Someone whose bathing habits we do know a bit about is swimmer Michael Phelps. In addition to the Olympic swimming thing, apparently this gentleman is also afforded the luxury of ingesting 12,000 calories per day. Which is rather a lot, by most estimations of caloric intake, yet he decidedly does not resemble a whale. NASA boffin Ray Cronise drew inspiration from this factoid and added science to it in order to discover how someone could ingest so many calories yet still be built like, well, an Olympic swimmer. The calories-in/calories-out, eating/exercise math didn’t add up. Cronise’s “eureka!” moment came when he recalled that the energy Phelps’ body was putting into maintaining his core temperature in cool pool water accounted for the difference. Cronise experimented on himself and lost a lot of fat in a short period of time in the process. His fat burning successes piqued Tim Ferriss’ curiosity and Ferriss, in turn, created the following protocol (excerpted from The 4 Hour Body):

“Take 5–10-minute cold showers before breakfast and/or before bed. Use hot water for 1–2 minutes over the entire body, then step out of water range and apply shampoo and soap to your hair and face. Turn the water to pure cold and rinse your head and face alone. Then turn around and back into the water, focusing the water on your lower neck and upper back. Maintain this position for 1–3 minutes as you acclimate and apply soap to all the necessary regions. Then turn around and rinse normally. Expect this to wake you up like a foghorn.”

I appreciate how Ferriss’ steps are reminiscent of the Hokey-Pokey. I wouldn’t recommend, however, standing on one leg in the shower while shaking the other leg “all about.”

To make your literary James Bond Shower even more authentic, you might avail yourself of some Pinaud Elixir Shampoo as mentioned in OHMSS. That link goes to a nifty article about it from jamesbondlifestyle.com. Should you have some extra bottles of the stuff lying around, you might consider making a bit of money from selling your surplus at $150 a bottle to keenly interested parties posting on this thread from the awesome shaving website badgerandblade.com.
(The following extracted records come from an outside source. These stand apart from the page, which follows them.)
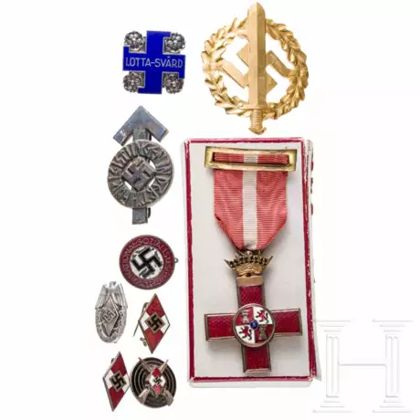 HJ-Leistungsabzeichen in Silber (B-Stück, Cupal?), HJ-Schießauszeichnung, zwei HJ-Abzeichen, SA-Sportabzeichen (Nadelsystem ergänzt, nachvergoldet - needle system supplemented, re-golded), eine finnische Lotta-Svärd-Brosche und ein spanisches MVK.
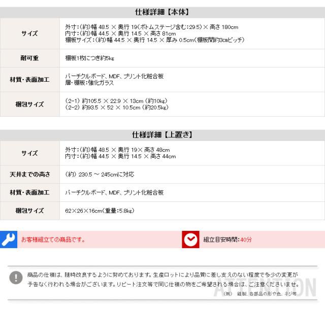 外寸:幅48.5cm×奥行19cm×高さ180cm (ボトムステージ含む:奥行29.5cm)
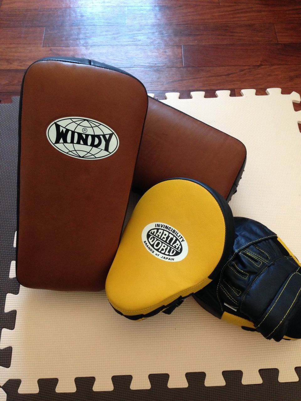 NEWミット到着 24 1月 2014 カテゴリ: お知らせ ミットから粉々のスポンジが飛び出してきてしまったのでNEWミット購入しました! 蹴り心地が最高で、持ち手も受けやすいWINDYのキックミットとMWのパンチミットです。 これで打撃力UP間違いなし! 稽古が楽しみです☆

That’s worth a lot of ramen noodles! Bond’s preferred bath soap is never mentioned in Fleming’s books – perhaps he didn’t use any, but this lively thread from Absolutely James Bond (abj007.co.uk) might help you figure out the aftershave situation that will get your face smelling like that of our favorite fictitious espionage agent.

Warning to the gentlemen readers: This shower protocol will also increase your testosterone levels and enhance your libido, according to The 4 Hour Body and this badass article from The Art of Manliness. Please bathe responsibly.